MADRID, 18 Ene. (EUROPA PRESS) -
EL Instituto de Posgrado en Ciencia y Tecnología de la Universidad de Okinawa (OIST, por sus siglas en inglés), Japón, ha reconstruido en 3D la estructura de una de las proteínas de 'Plasmodium falciparum', el agente causante de la malaria y los anticuerpos que actúan como la primera línea de defensa contra el parásito. Esta investigación, publicada en 'Cell Reports', proporciona importantes conocimientos para el diseño de fármacos contra la malaria.

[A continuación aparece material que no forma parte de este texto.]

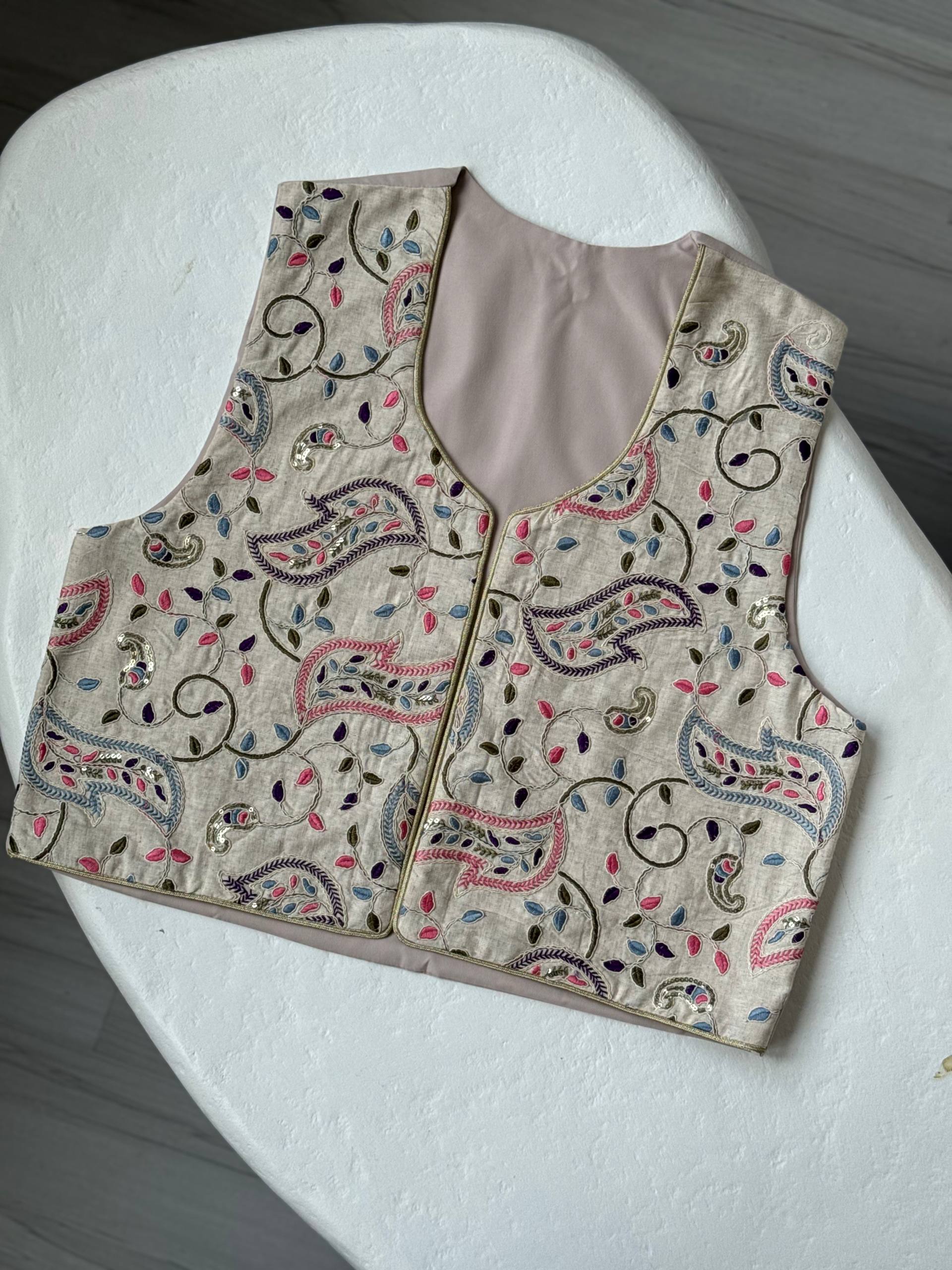 | توضیحات | پشت جلیقه کتان کرم کار شده است.جلیقه آسترکشی شده است و رنگ آستر کرم است. |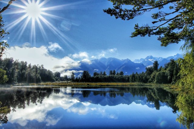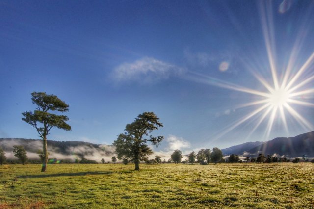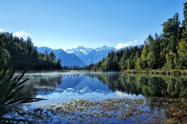 Nach diesem Stop auf dem Eis war der Rückflug dann um einiges zügiger als der Hinflug, vermutlich weil wir ja jetzt alles gesehen haben 😉 allerdings hat die nun weiter aufgegangene Sonne das Farbenspiel nochmal verändert, sodass jeder auch bekannte View ein neuer war! In diesen spannenden Morgenminuten sind wir deswegen nach der Landung dann auch zügig zum Lake Matheson gefahren. Bereits auf dem Weg dorthin verzauberte die dampfende Morgenlandschaft: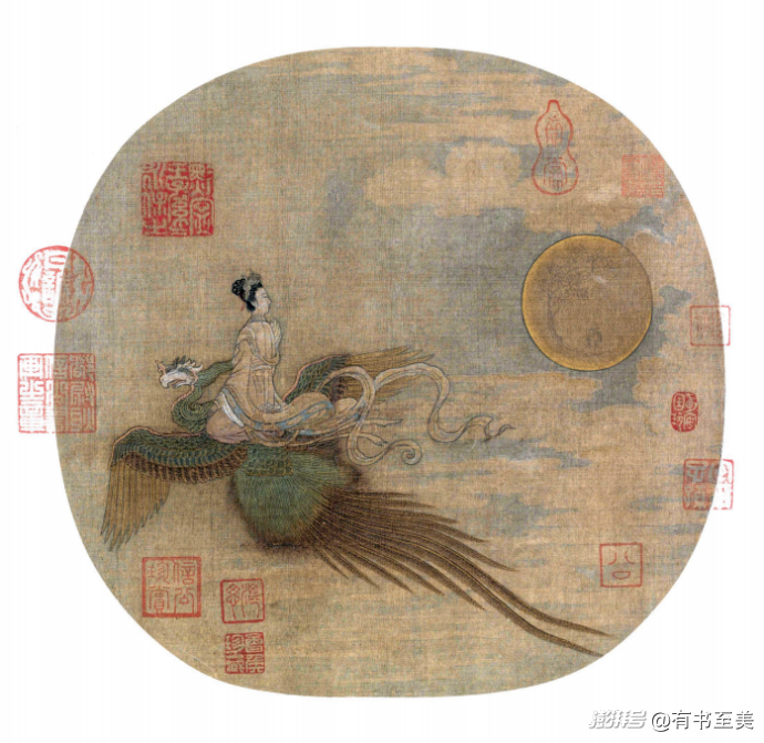 《仙女乘鸞圖》中鸞鳥每一片翎毛清晰可辨,仿佛下一秒就要振翅飛出紙面。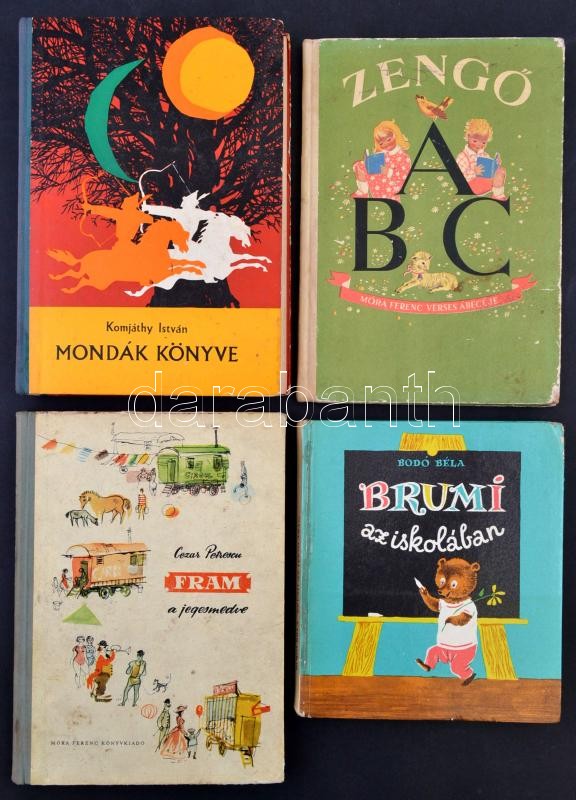 Vegyes könyvtétel, 4 db: Bodó Béla: Brumi az iskolában. Szávay Edit rajzaival. Bp., 1977, Móra. Negyedik kiadás. Kiadói kartonált papírkötés. Cezar Petrescu: Fram, a jegesmedve. Fordította: Réz Pál. Würtz Ádám rajzaival. Kiadói kartonált félvászon-kötés. Zengő ABC. Móra Ferenc verses ábécéje. Játékos olvasási gyakorlatokkal kiegészítette Justné Kéry Hedvig. Lukáts Kató rajzaival. Bp.-Uzsgorod,1977, Móra-Kárpáti. Kiadói kopottas félvászon-kötés. Komjáthy István: Mondák könyve. Boromisza Zsolt rajzaival. Bp., 1964, Móra. Harmadik kiadás. Kiadói félvászon-kötés.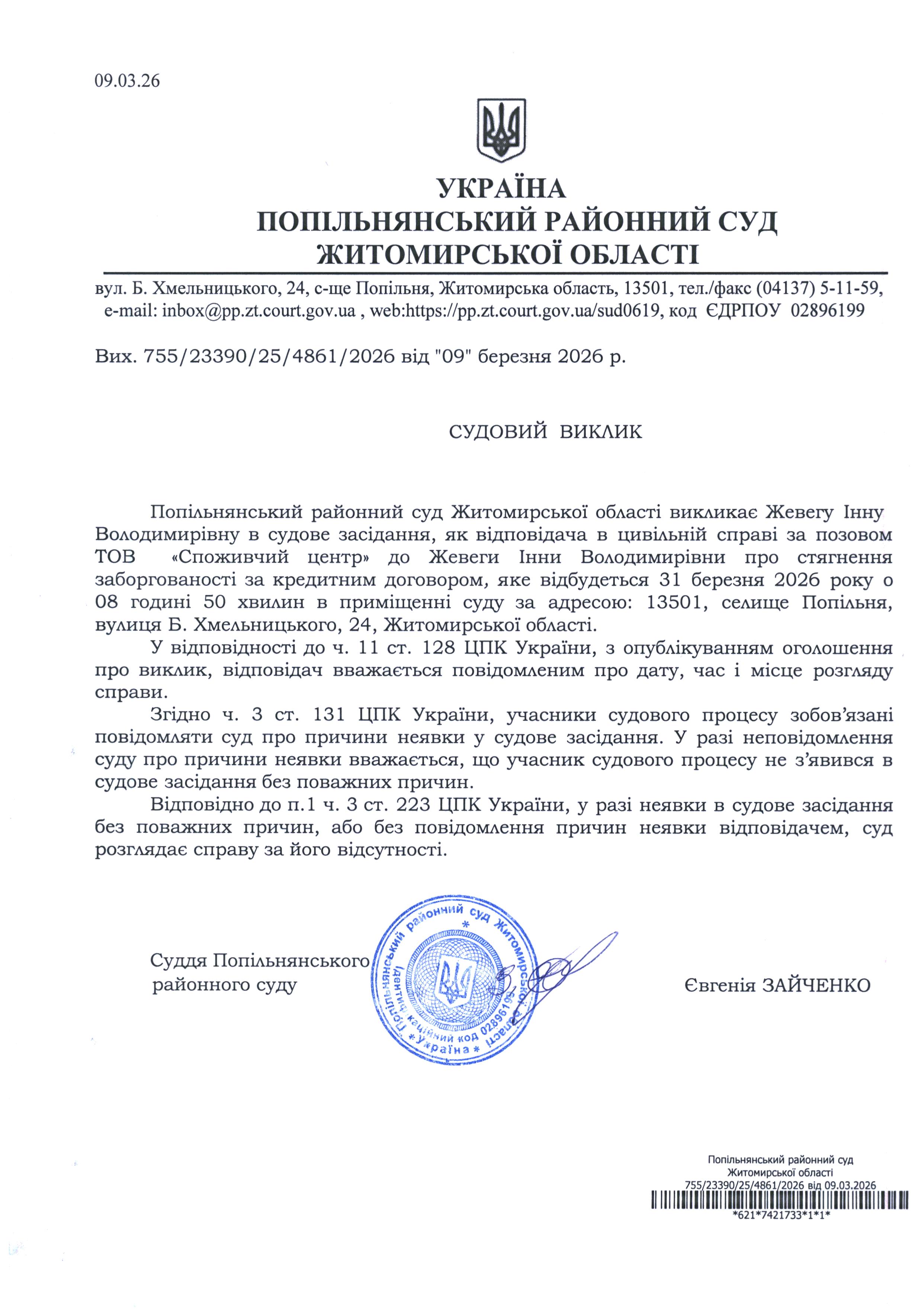 Оголошення про виклик до суду Жевегу Інну Володимирівну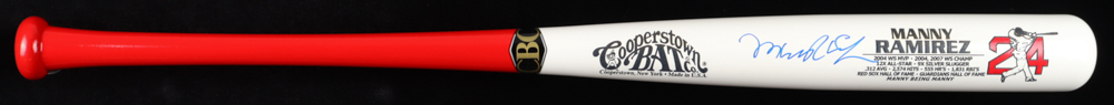 Cooperstown Bat Co.Career Stat baseball bat has been hand-signed by Manny Ramirez (Boston Red Sox).
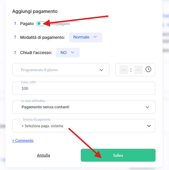 Nella finestra che si apre, contrassegna il pagamento come pagato (utilizzando l’interruttore) e salva le modifiche. Puoi lasciare un commento per te o per i tuoi colleghi; questo non sarà visibile allo studente.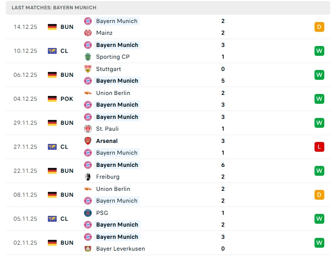 • Phong độ Bayern Munich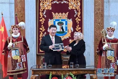 当地时间11月28日,中国国家主席习近平在马德里市政厅接受马德里城市金钥匙。新华社记者饶爱民 摄 图片来源:新华网中新社北京11月29日电 (记者 张素)中国国家主席习近平29日结束对西班牙的国事访问。受访专家表示,习近平此访有如一把“钥匙”,不仅进一步打开中西交往的大门,也进一步开启中欧友好的大门。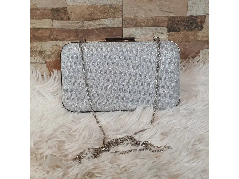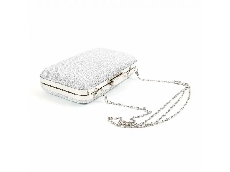 Geantă mică, elegantă, argintie, cu finisaje și lanț argintii, un compartiment cu deschidere mecanică. Geantă mică, argintie, potrivită pentru o geantă formală, pentru nunți, o geantă de seară sau o geantă de bal.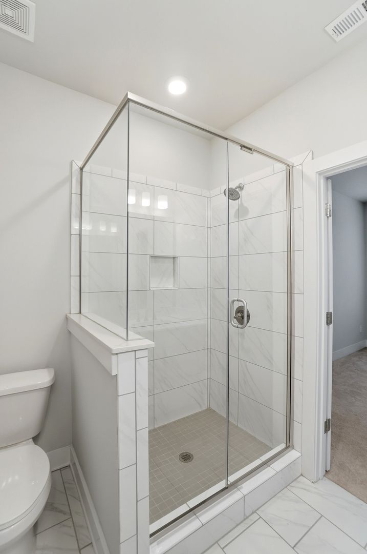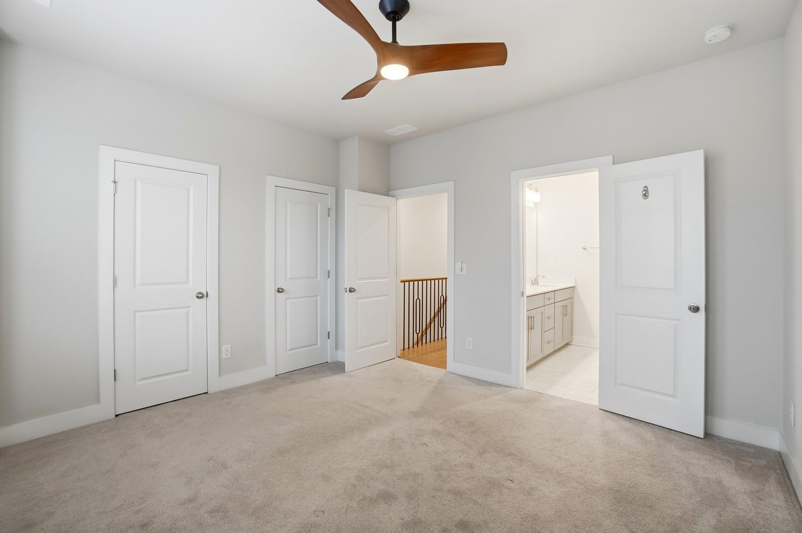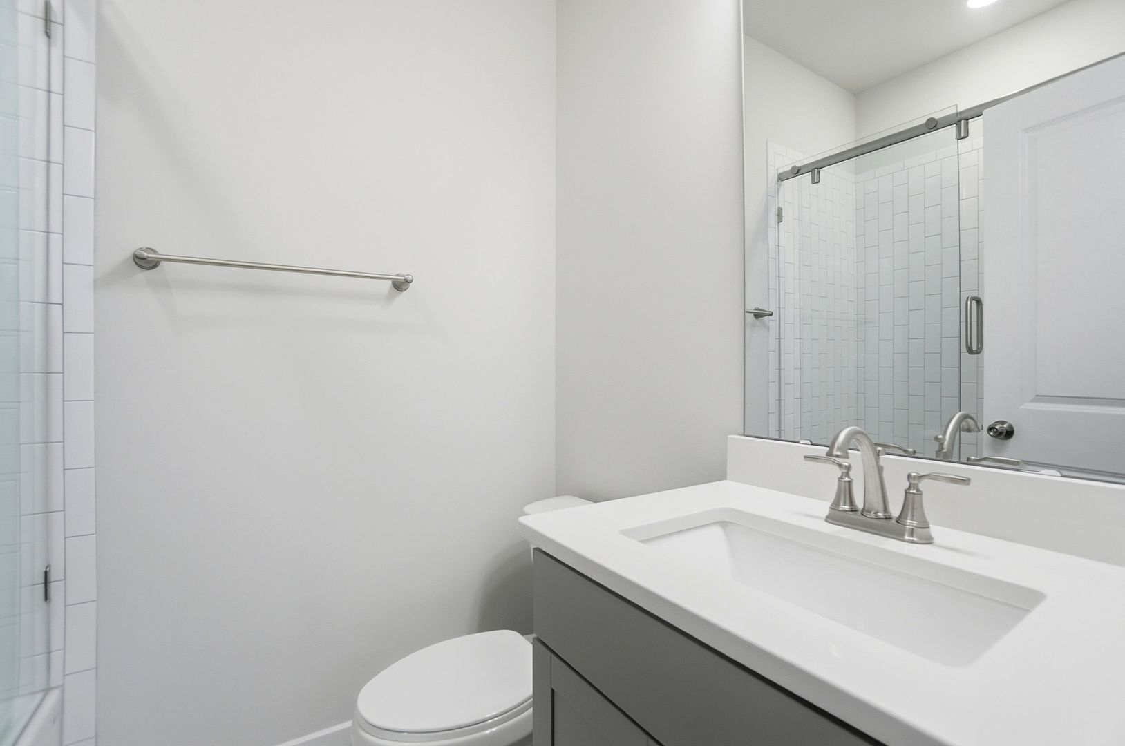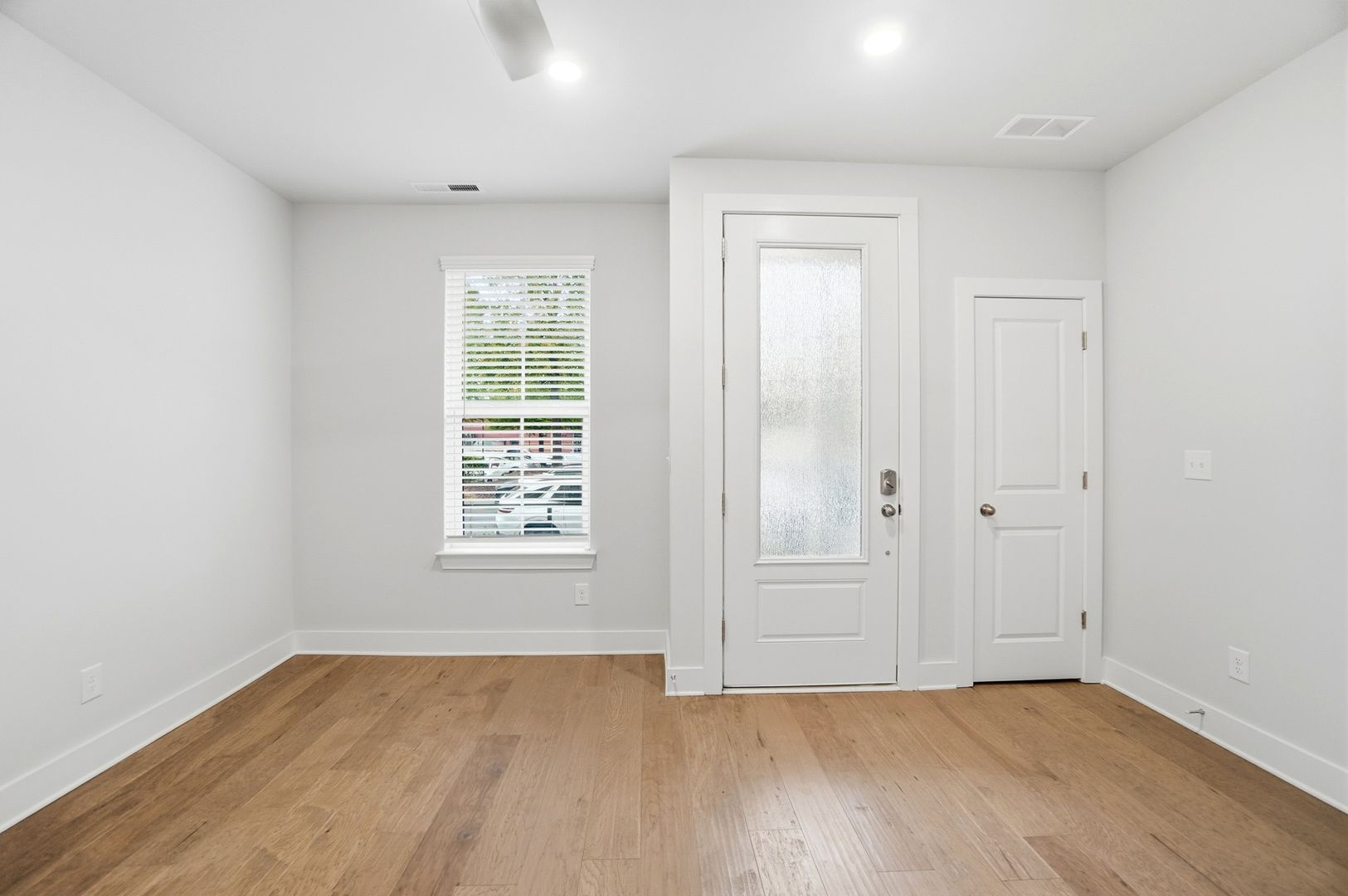 On the entry level, a flex space provides versatility for a home office, study, or gym. Upstairs, you’ll find two private bedroom suites, each with its own bath, plus a laundry area with washer/dryer included. The primary suite includes a spa-inspired bath, custom closet, and city views.

'Plasmodium falciparum' se transmite a los humanos por la picadura de algunas especies del mosquito 'Anopheles'. Una vez dentro del cuerpo humano, el parásito pronto llega al hígado, donde madura y está entonces listo para infectar las células rojas de la sangre, también llamadas eritrocitos. El parásito sobrevive mediante la ruptura de los glóbulos rojos infectados y atacando más de ellos.
Una estrategia utilizada por el patógeno para amplificar su probabilidad de dispersión es la formación de grupos con forma de roseta de eritrocitos no infectados que rodean un glóbulo rojo infectados por la malaria. De esta forma, el parásito en la célula central de la roseta puede infectar fácilmente las células circundantes, de forma que la roseta mejora la infección.
Por otra parte, la formación de rosetas se asocia con la malaria severa y fiebre alta. En los pequeños vasos sanguíneos, grandes rosetas se unen a las paredes de los capilares, obstruyendo el flujo normal de la sangre, lo que provoca que el cuerpo para reaccione con fiebre alta. Puesto que los niños y las personas mayores tienen capilares más finos, se encuentran en mayor riesgo de malaria grave.
Uno de los actores clave en la formación de la roseta es la proteína PfEMP1, que sobresale del glóbulo rojo infectado y engaña a una de las primeras defensas contra la malaria llamada los anticuerpos IgM. IgM se unen al patógeno o células infectadas por patógenos y llaman a otras moléculas inmunes, como un sistema complemento, para respaldarlas.
Investigadores del OIST han demostrado que los IgM se unen a un o dos proteínas PfEMP1, formando un tipo de forma de ramo de flores en la superficie de las células infectadas. El parásito de la malaria explota estos IgM en su propio beneficio, ya que el ramo atrae más glóbulos rojos que facilitan la formación de rosetas.
Por otra parte, los IgM en el ramo no son capaces de unirse al sistema complemento y destruir la célula infectada. "El vínculo entre PfEMP1s y IgM es como el velcro perfecto: ni demasiado flojo, ni demasiado fuerte. Es ingeniería diabólica para engañar a nuestro sistema inmune", comenta el director de la Unidad de Biología de Estructura Celular de OIST, Ulf Skoglund.
La técnica utilizada por los investigadores de OIST les permite tener una visión dinámica única de la conformación de las proteínas. "Hemos visto que PfEMP1 es una proteína en forma de C rígida, Ser rígido es una ventaja, ya que si fuera floja, no funcionaría tan bien. IgM, en cambio, asume tres modos: extendida, campana y forma de tortuga", añade.
Tener este modelo estructural en 3D del complejo PfEMP1 e IgM puede ayudar a los científicos a diseñar tratamientos farmacológicos contra la malaria que pueden descomponer o eliminar las rosetas de la malaria sin dañar al paciente.